May Myat Noe, 16, was training to become a K-pop star in South Korea after winning the Seoul-based Miss Asia Pacific World beauty pageant in May.
But last week the organisers stripped her of the title for alleged dishonesty, accusing her of absconding with the crown and the $10,000 implants, which they say they funded to enhance her budding singing career.
On Tuesday the beauty queen hit back and demanded an apology from the organisers.

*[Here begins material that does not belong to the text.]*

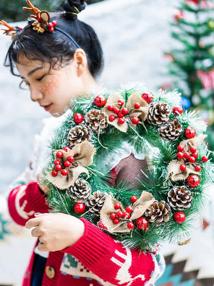 Весь круг сосновых игл сосны фрукты рождественская дверь кольцо цветочное кольцо кольцо ручной дверь висят цветочное кольцо американское сельское рождественское подарки
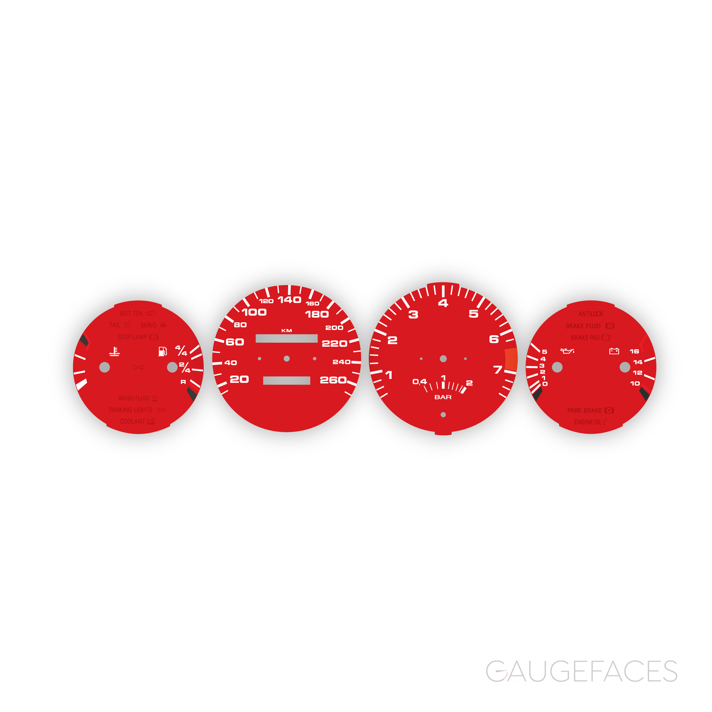 Instrument cluster gauge faces for Porsche 944 Turbo (1985-88) with 160 mph / 260 km/h speed range – manual transmission – Red.

“It is natural for me to feel that an apology should be demanded to rectify the damage they have done to the integrity of my country,” she told a packed press conference in Yangon.
“I will return the crown only when they apologise to Myanmar, for the dignity of our country.”
May Myat Noe also denied accepting free breast implants.
“I was put under duress to undergo head-to-toe cosmetic surgery which I refused… I didn’t have breast implants, but I don’t want to go into details, to preserve my dignity,” she said.
Her comments appear to have deepened the acrimony between pageant organisers and their former queen.
Young Choi, founder of Miss Asia Pacific World, told AFP the organisers had photographic evidence of the breast implant operation and that they would consider legal action against May Myat Noe.
“She has been lying. She also lied at today’s news conference. She must return the crown,” he said, declining to give the cost of the tiara but explaining it was made over several weeks by ten specialists.
“It’s not for us but for her to apologise. She has been hurting our image and credibility,” he said in Seoul.
Choi said his organisation hoped to handle the sensitive matter “quietly in consideration of relations between South Korea and Myanmar” but was ready to consider a lawsuit “if she refuses to cooperate.”
Myanmar women are eyeing success in international beauty pageants as the country opens up after decades of military rule.
Despite undergoing sweeping political and social reforms, Myanmar remains a deeply conservative nation.
But new fashions and overseas products are creeping into the once cloistered nation, supported by a proliferation of magazines for young consumers and an increasingly vibrant pop culture.
Last year a US-educated business graduate was selected as the first Miss Universe contestant to represent Myanmar in more than 50 years.
May Myat Noe is the latest in a growing list of beauty queens from Southeast Asia to run into trouble.
In June Thailand’s contender for the Miss Universe pageant relinquished her crown after she allegedly called for supporters of the ousted government to be “executed”, sparking a barrage of online criticism.